Make a verbatim copy of the entries below; pictures stay out.

■ Record extracts:
+ + + +

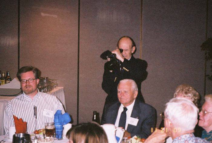 Peter Ruplenas films the activities at the reunion banquet.
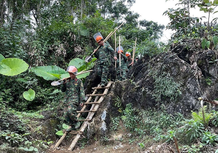| Bộ đội Công binh Lữ đoàn 543 hành quân lên khu vực rà phá bom, mìn, vật nổ. |
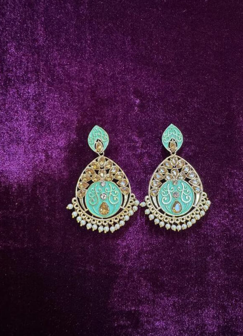 Turn heads with these striking teal and gold earrings, crafted with stainless steel for lasting durability and elegance. Featuring intricate detailing and a royal blend of gold and teal, these earrings bring a touch of sophistication to both traditional and modern outfits. Perfect for parties, festive occasions, or everyday chic styling.
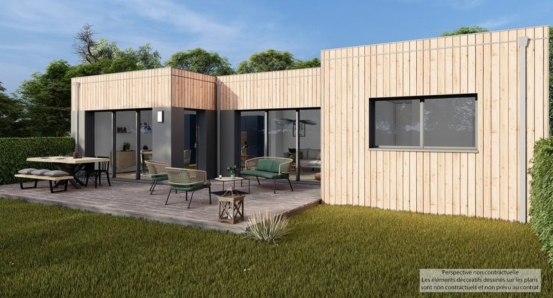 En vente, une maison de plain-pied de 107m², conçue pour allier confort et fonctionnalité. Cette demeure se distingue par son architecture moderne, caractérisée par un toit plat qui lui confère un aspect contemporain et épuré.
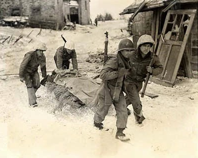 US soldiers carry a wounded German soldier to an aid station on a litter sled in Thirimont.
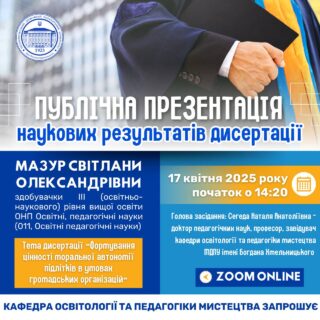 ПУБЛІЧНА ПРЕЗЕНТАЦІЯ НАУКОВИХ РЕЗУЛЬТАТІВ ДИСЕРТАЦІЇ
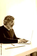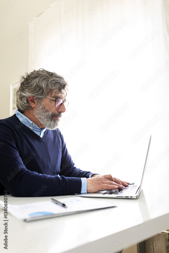 Side view vertical portrait of caucasian mature business man working with laptop at home office. Copy space.
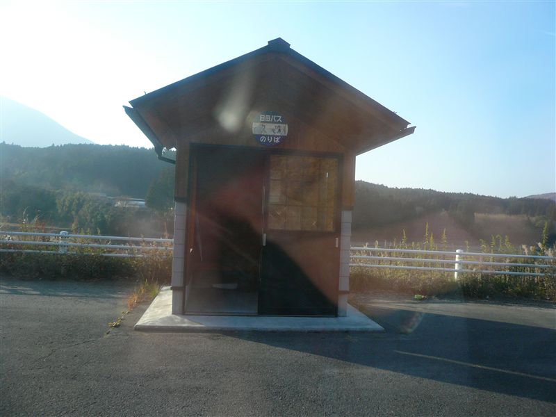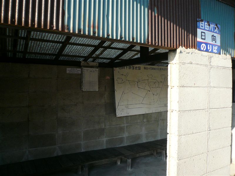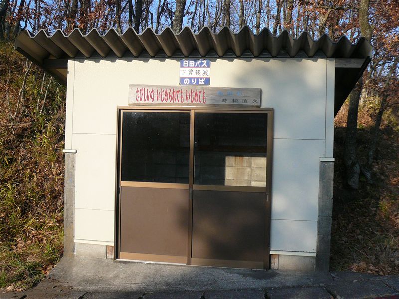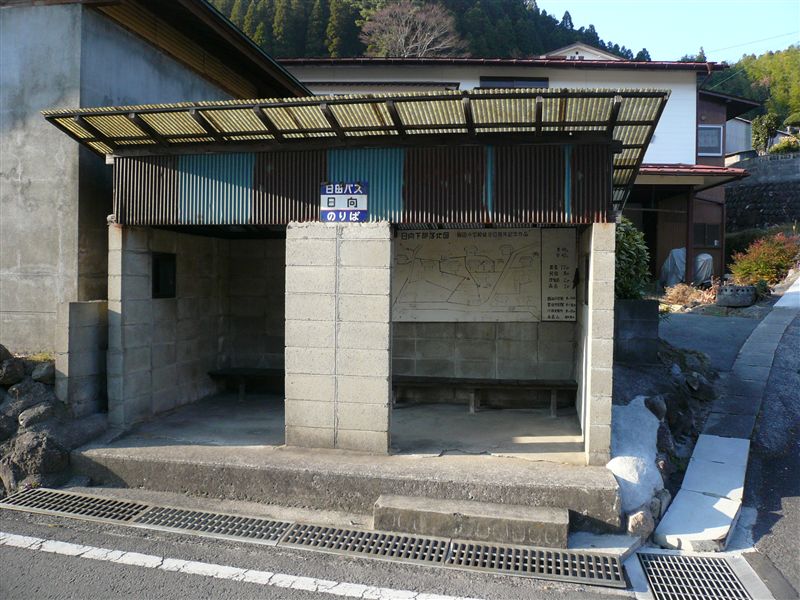 最終目標は久留米附設中学で、合格していたらホリエモン氏と同級生になりました。 昨今彼の自伝が出版されましたが、結局別の中学に行った僕と同じく、な友人が本の中に出てきます。ちょっぴり自慢、でもぼくは彼の生き方や言動は非共感的ですね、ミーハーみたいに持ち上げておいて申し訳ないですが…。 ぼくの軒下バス停との邂逅は、その中学受験塾の合宿です。 合宿の息抜きで、小学校のグラウンドに野球をしに出かけることがありました。 その場所がまさに軒下バス停「湯坪」。 これが現在の湯坪バス停。軒下にしていた商店の廃業で今は小学校の敷地内に待合室があります。 「日向」は当時のままです!! 堅牢な待合室型バス停が続くのですが、この路線は観光路線というよりか現在は学校輸送がメインです。もちろん小学校当時は、観光半分、学校輸送半分だったのでしょうが。 待合所を新設した「久保」、学校の標語が入った「下豊後渡」なんかからは、今でも子供たちの乗り場なんだなーという雰囲気が。 そんな筋湯温泉から少し下ったところにある、飯田高原という広い盆地。その中心街にあるのが大ボスの「下組」。 これを見て塾の同級生が「執念のバス停やな」「バラバラや」と次々声を挙げたのを覚えています。 豊後中村駅から是非乗りバスで登ってみる事をおすすめします。 終点近くにはこんな大ボスが眠っていますしね・・・。
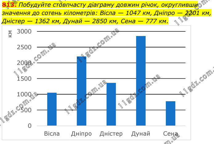 Побудуйте стовпчасту діаграму довжин річок, округливши значення до сотень кілометрів: Вісла — 1047 км, Дніпро — 2201 км, Дністер — 1362 км, Дунай — 2850 км, Сена — 777 км.
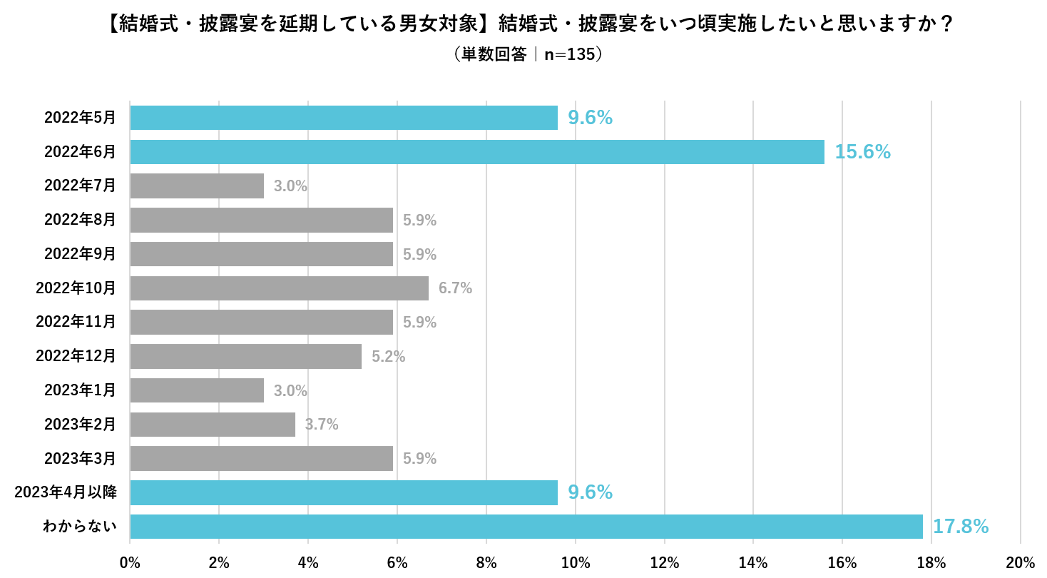 また、現在も結婚式・披露宴を延期していると回答した男女135人に、いつ頃実施したいかを質問したところ、17.8%が「わからない」と回答。次いで「2022年6月」(15.6%)、「2022年5月」(9.6%)、「2023年4月以降」(9.6%)となりました。
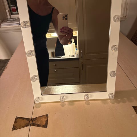 Sminkebord med LED-lys selges. Veldig praktisk med godt lys rundt speilet, og god plass til sminke og tilbehør. Pent brukt og klart for ny eier.
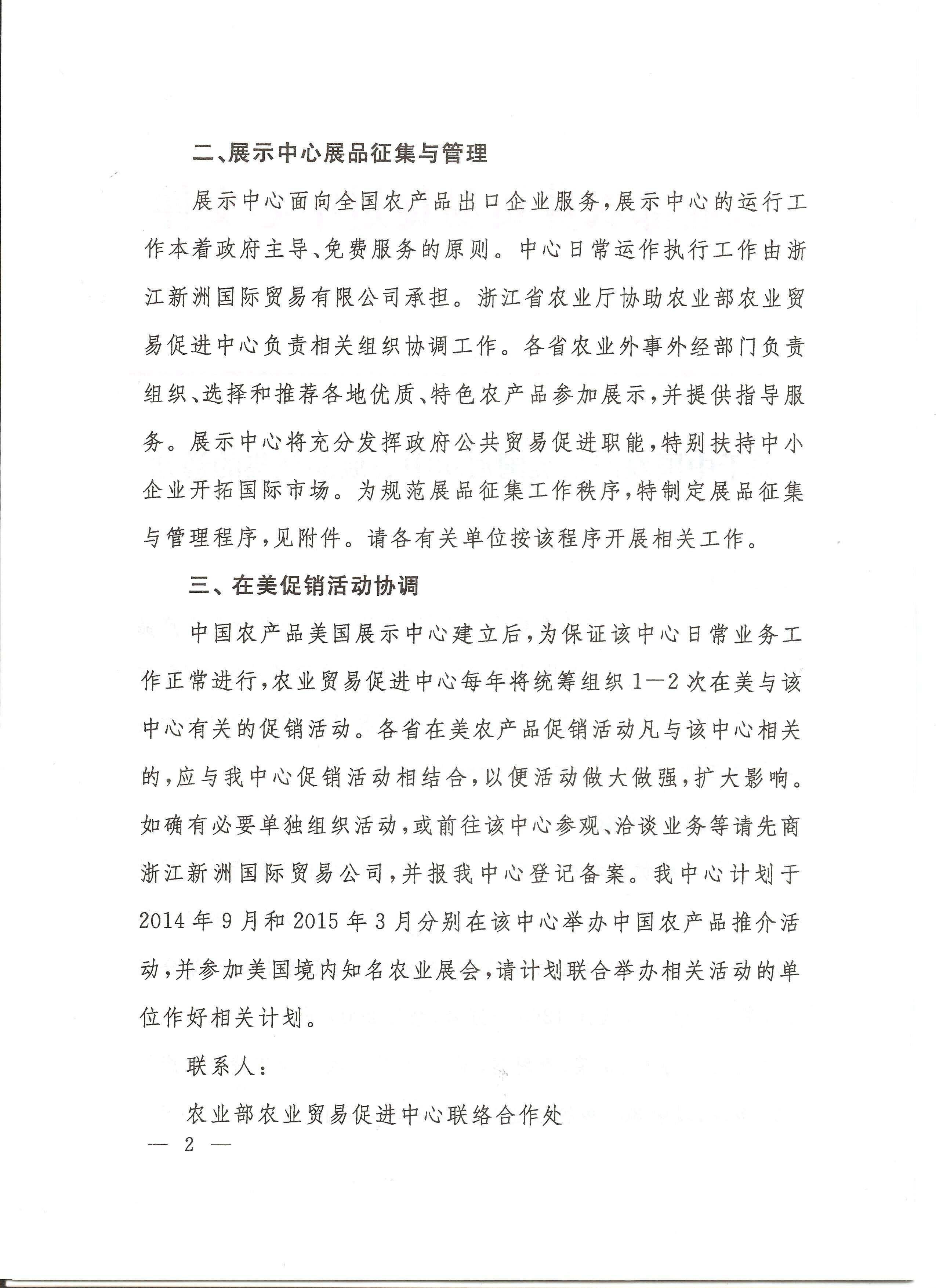 關(guān)于中國農(nóng)產(chǎn)品美國展示中心展品征集的通知
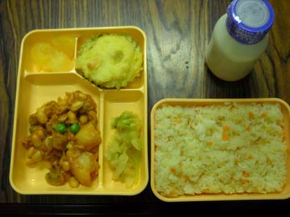 キャロットピラフ・スイートポテトポークと大豆のトマト煮込み・
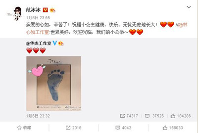 范冰冰:親愛的心如,辛苦了!祝福小公主健康、快樂、無憂無慮地長大!
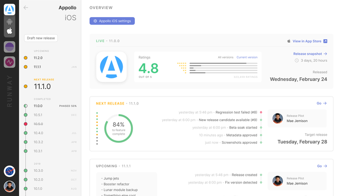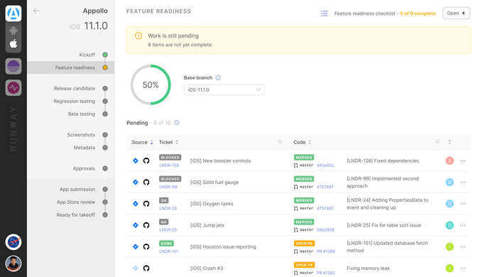 Un equipo de ingenieros y diseñadores de aplicaciones móviles de empresas como Rent the Runway, ClassPass, Kickstarter y otras, están lanzando ahora su propia startup, Runway, para abordar los puntos débiles comunes que experimentaron en torno al ciclo de lanzamiento de la aplicación móvil. Con Runway, los equipos pueden conectar sus herramientas existentes para realizar un seguimiento del progreso del lanzamiento de una aplicación, automatizar muchos de los pasos manuales a lo largo del camino y facilitar mejor la comunicación entre todos los involucrados.
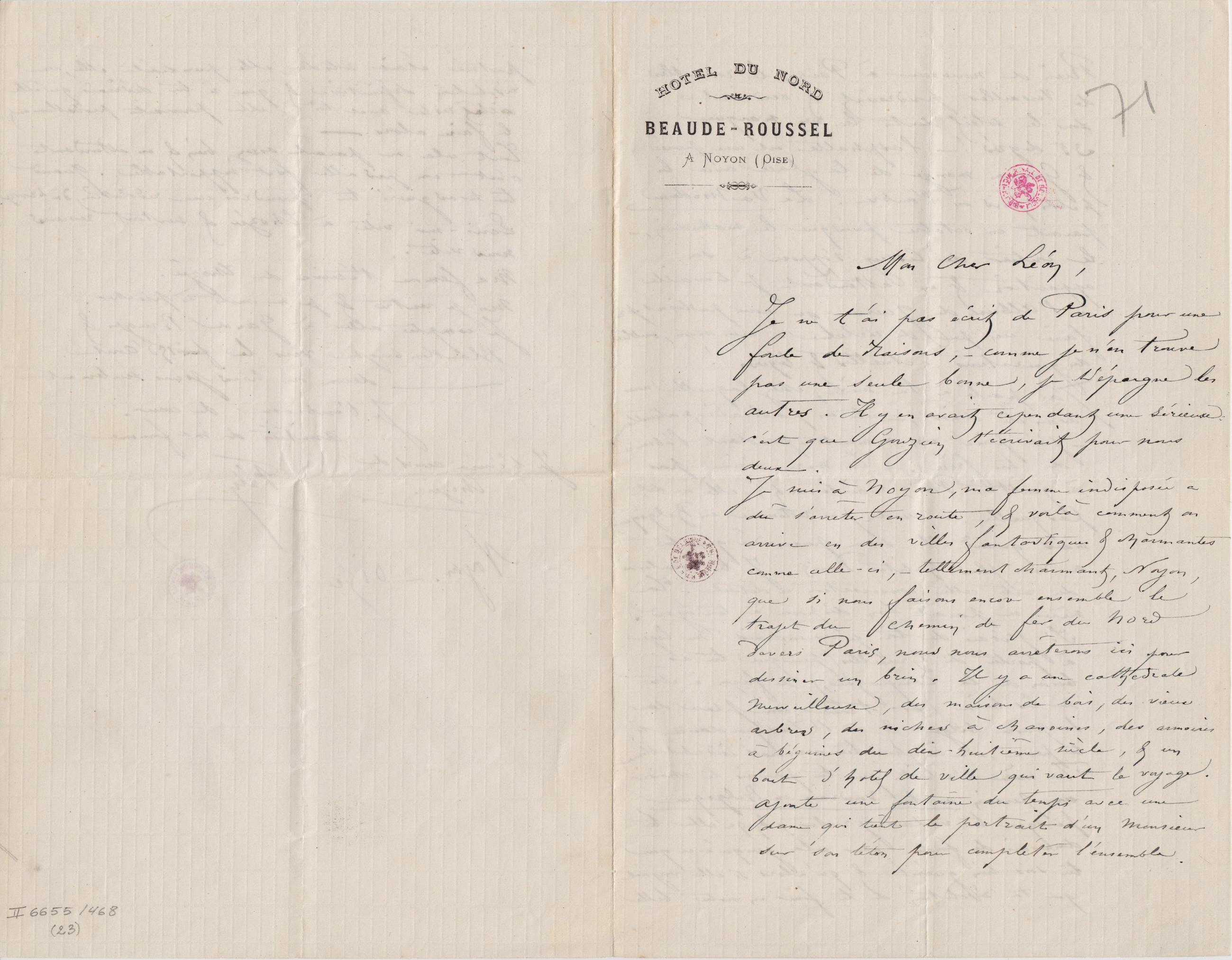 Écrite en Plume Noir. En-tête: HOTEL DU NORD - BEAUDE-ROUSSEL A Noyon (Oise).
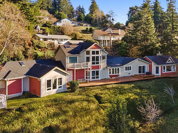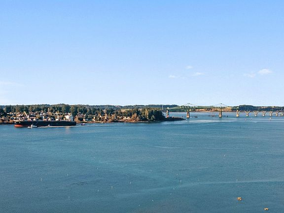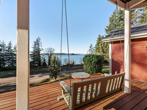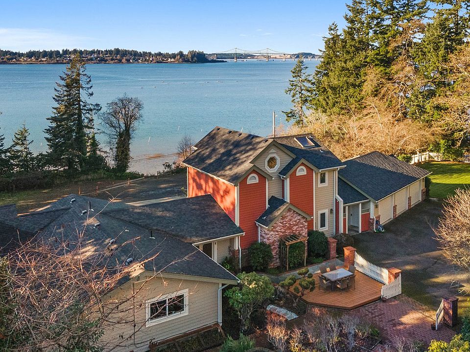Gorgeous Water Views with a backdrop of the McCullough Bridge and city lights. Meticulously maintained custom-built home on .71 acres with custom oak carpentry built-ins and floors. Tall High-end Windows and a methodical layout showcase Breathtaking Bay Views throughout the entire home. Inside you will find 3 fireplaces, an expansive great room, a living room with coffered ceilings and a bar, plus a gourmet kitchen built for the culinary enthusiast. The Highlights of the master suite include a private balcony overlooking the trees and water, a hidden walk-in closet, and a Spa like washroom with heated floors. Outside boast multiple decks with access points throughout the home, a 3-car garage with a 180 sqft finished studio, beautiful landscaping, and panoramic Water Views. The local area is famous for its World-Class Salmon Fishing and Oregon Recreational Sand Dunes. All the finishes in this home have been well crafted. You must see this home to appreciate its clever architecture. Tranquility and comfort await in the properties harmonious blend of elegance, comfort, functionality, and warmth.
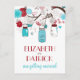 Cartão postal de data de casamento com potes de pedreiro vermelhos e azuis e flores

+ + + +

■ Result for this exercise:
 Peter Ruplenas films the activities at the reunion banquet.
| Bộ đội Công binh Lữ đoàn 543 hành quân lên khu vực rà phá bom, mìn, vật nổ. |
 Turn heads with these striking teal and gold earrings, crafted with stainless steel for lasting durability and elegance. Featuring intricate detailing and a royal blend of gold and teal, these earrings bring a touch of sophistication to both traditional and modern outfits. Perfect for parties, festive occasions, or everyday chic styling.
 En vente, une maison de plain-pied de 107m², conçue pour allier confort et fonctionnalité. Cette demeure se distingue par son architecture moderne, caractérisée par un toit plat qui lui confère un aspect contemporain et épuré.
 US soldiers carry a wounded German soldier to an aid station on a litter sled in Thirimont.
 ПУБЛІЧНА ПРЕЗЕНТАЦІЯ НАУКОВИХ РЕЗУЛЬТАТІВ ДИСЕРТАЦІЇ
 Side view vertical portrait of caucasian mature business man working with laptop at home office. Copy space.
 最終目標は久留米附設中学で、合格していたらホリエモン氏と同級生になりました。 昨今彼の自伝が出版されましたが、結局別の中学に行った僕と同じく、な友人が本の中に出てきます。ちょっぴり自慢、でもぼくは彼の生き方や言動は非共感的ですね、ミーハーみたいに持ち上げておいて申し訳ないですが…。 ぼくの軒下バス停との邂逅は、その中学受験塾の合宿です。 合宿の息抜きで、小学校のグラウンドに野球をしに出かけることがありました。 その場所がまさに軒下バス停「湯坪」。 これが現在の湯坪バス停。軒下にしていた商店の廃業で今は小学校の敷地内に待合室があります。 「日向」は当時のままです!! 堅牢な待合室型バス停が続くのですが、この路線は観光路線というよりか現在は学校輸送がメインです。もちろん小学校当時は、観光半分、学校輸送半分だったのでしょうが。 待合所を新設した「久保」、学校の標語が入った「下豊後渡」なんかからは、今でも子供たちの乗り場なんだなーという雰囲気が。 そんな筋湯温泉から少し下ったところにある、飯田高原という広い盆地。その中心街にあるのが大ボスの「下組」。 これを見て塾の同級生が「執念のバス停やな」「バラバラや」と次々声を挙げたのを覚えています。 豊後中村駅から是非乗りバスで登ってみる事をおすすめします。 終点近くにはこんな大ボスが眠っていますしね・・・。
 Побудуйте стовпчасту діаграму довжин річок, округливши значення до сотень кілометрів: Вісла — 1047 км, Дніпро — 2201 км, Дністер — 1362 км, Дунай — 2850 км, Сена — 777 км.
 また、現在も結婚式・披露宴を延期していると回答した男女135人に、いつ頃実施したいかを質問したところ、17.8%が「わからない」と回答。次いで「2022年6月」(15.6%)、「2022年5月」(9.6%)、「2023年4月以降」(9.6%)となりました。
 Sminkebord med LED-lys selges. Veldig praktisk med godt lys rundt speilet, og god plass til sminke og tilbehør. Pent brukt og klart for ny eier.
 關(guān)于中國農(nóng)產(chǎn)品美國展示中心展品征集的通知
 キャロットピラフ・スイートポテトポークと大豆のトマト煮込み・
 范冰冰:親愛的心如,辛苦了!祝福小公主健康、快樂、無憂無慮地長大!
 Un equipo de ingenieros y diseñadores de aplicaciones móviles de empresas como Rent the Runway, ClassPass, Kickstarter y otras, están lanzando ahora su propia startup, Runway, para abordar los puntos débiles comunes que experimentaron en torno al ciclo de lanzamiento de la aplicación móvil. Con Runway, los equipos pueden conectar sus herramientas existentes para realizar un seguimiento del progreso del lanzamiento de una aplicación, automatizar muchos de los pasos manuales a lo largo del camino y facilitar mejor la comunicación entre todos los involucrados.
 Écrite en Plume Noir. En-tête: HOTEL DU NORD - BEAUDE-ROUSSEL A Noyon (Oise).
Gorgeous Water Views with a backdrop of the McCullough Bridge and city lights. Meticulously maintained custom-built home on .71 acres with custom oak carpentry built-ins and floors. Tall High-end Windows and a methodical layout showcase Breathtaking Bay Views throughout the entire home. Inside you will find 3 fireplaces, an expansive great room, a living room with coffered ceilings and a bar, plus a gourmet kitchen built for the culinary enthusiast. The Highlights of the master suite include a private balcony overlooking the trees and water, a hidden walk-in closet, and a Spa like washroom with heated floors. Outside boast multiple decks with access points throughout the home, a 3-car garage with a 180 sqft finished studio, beautiful landscaping, and panoramic Water Views. The local area is famous for its World-Class Salmon Fishing and Oregon Recreational Sand Dunes. All the finishes in this home have been well crafted. You must see this home to appreciate its clever architecture. Tranquility and comfort await in the properties harmonious blend of elegance, comfort, functionality, and warmth.
 Cartão postal de data de casamento com potes de pedreiro vermelhos e azuis e flores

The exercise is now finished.